# Best way from San Jose to Santa Cruz?



## Cory (Jan 29, 2004)

In college, 30 years ago, I did it a few times on Highway 9, but I don't know anything about what's happened with development, traffic patterns etc., and as I remember, a lot of that road has no shoulder at all. Is it rideable, or is there a better way?
I'll be starting from near Camden and Meridian, so Los Gatos is just a short shot over Blossom Hill Road, but I'm not sure where to go from there.
---Thanks


----------



## denversean (Jun 14, 2004)

*Check out Chain Reaction's website*

Chain Reaction Bicycles has a ton of routes. Scroll to the bottom and look for the 'ride maps' pull down menu. Might be in there...

I've been wanting to do that ride this summer as well.


----------



## denversean (Jun 14, 2004)

*Hope this helps...*

http://www.chainreaction.com/lascride.htm


----------



## PmbH (Sep 4, 2003)

*Old Santa Cruz to Soquel/SJ*

Do you mind riding on smooth dirt a little ways?
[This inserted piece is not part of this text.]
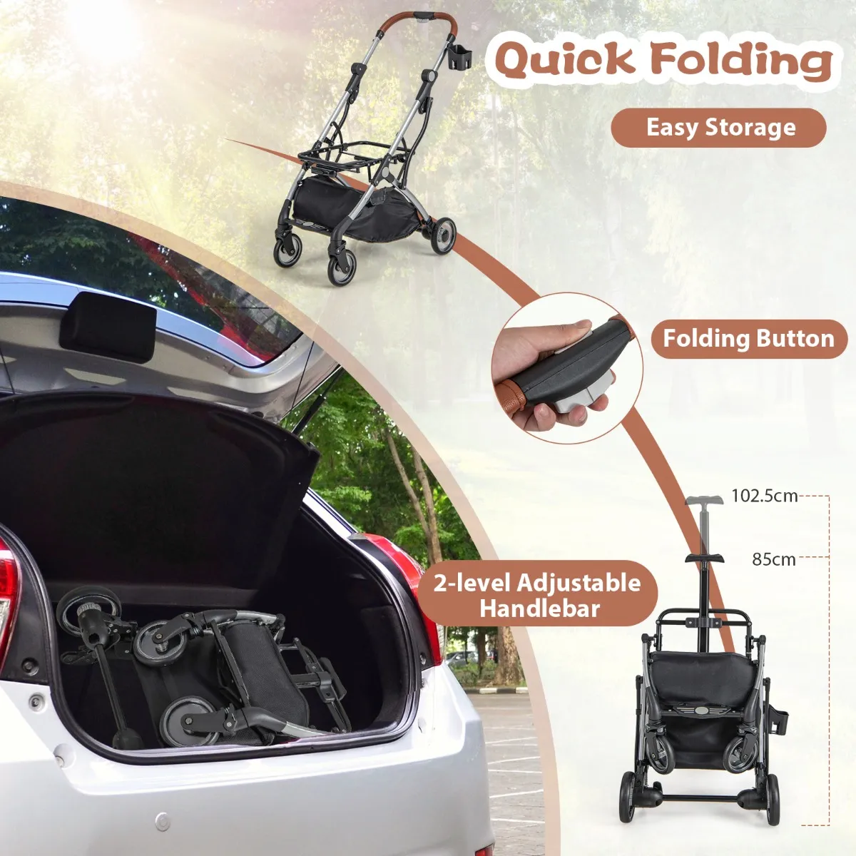 【 Doordacht vouwontwerp】 Geleverd met een grote opbergmand, bekerhouder en 2 kleine vakken, al je benodigde reisspullen en waterflessen kunnen op de juiste plaats worden gezet. Dankzij het ontwerp met één knop kun je de kinderwagen compact opvouwen en in de hoeken opbergen als je hem niet gebruikt.
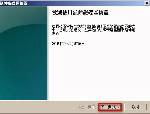 Step5-2:出現延伸磁碟區精靈畫面,按下一步。

From Los Gatos, take the creek-trail (dirt) to Lexington. Ride Old Santa Cruz --> Summit --> Soquel/San Jose road... Drops you right in Capitola. There's also a water district service road (dirt) that climbs to Summit from the same area, if you don't like Old Santa Cruz.

My advice - stay off Old Santa Cruz during commute times, and on warm weekends. The people driving this road to avoid 17 traffic are insane.


----------